● Records to use
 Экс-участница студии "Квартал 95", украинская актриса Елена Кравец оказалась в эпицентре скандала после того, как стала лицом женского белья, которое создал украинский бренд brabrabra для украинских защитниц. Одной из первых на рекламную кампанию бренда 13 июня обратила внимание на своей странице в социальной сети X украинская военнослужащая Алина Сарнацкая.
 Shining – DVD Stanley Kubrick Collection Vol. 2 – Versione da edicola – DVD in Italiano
==
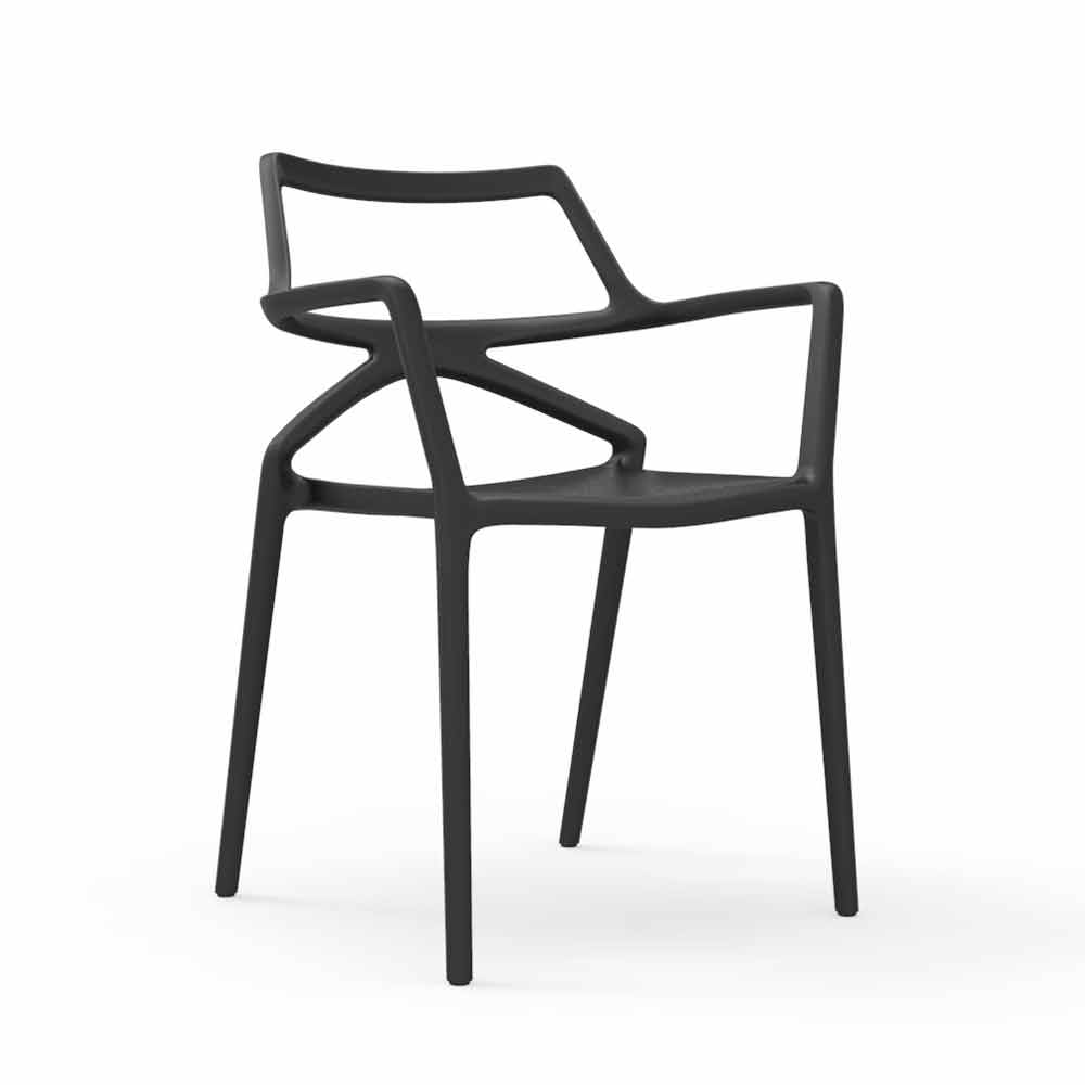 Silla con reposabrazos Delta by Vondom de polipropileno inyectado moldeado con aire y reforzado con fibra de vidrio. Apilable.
...
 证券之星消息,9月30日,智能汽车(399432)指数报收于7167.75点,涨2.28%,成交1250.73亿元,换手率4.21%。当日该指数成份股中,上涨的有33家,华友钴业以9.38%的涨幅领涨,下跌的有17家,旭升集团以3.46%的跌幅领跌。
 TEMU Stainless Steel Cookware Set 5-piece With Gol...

● Problem to solve
Begin at the line that has "证券之星消息,9月30日,智" in the entries above; stop after the line that has "TEMU Stainless Steel". Transcribe exactly those lines and no others.

● Reply
 证券之星消息,9月30日,智能汽车(399432)指数报收于7167.75点,涨2.28%,成交1250.73亿元,换手率4.21%。当日该指数成份股中,上涨的有33家,华友钴业以9.38%的涨幅领涨,下跌的有17家,旭升集团以3.46%的跌幅领跌。
 TEMU Stainless Steel Cookware Set 5-piece With Gol...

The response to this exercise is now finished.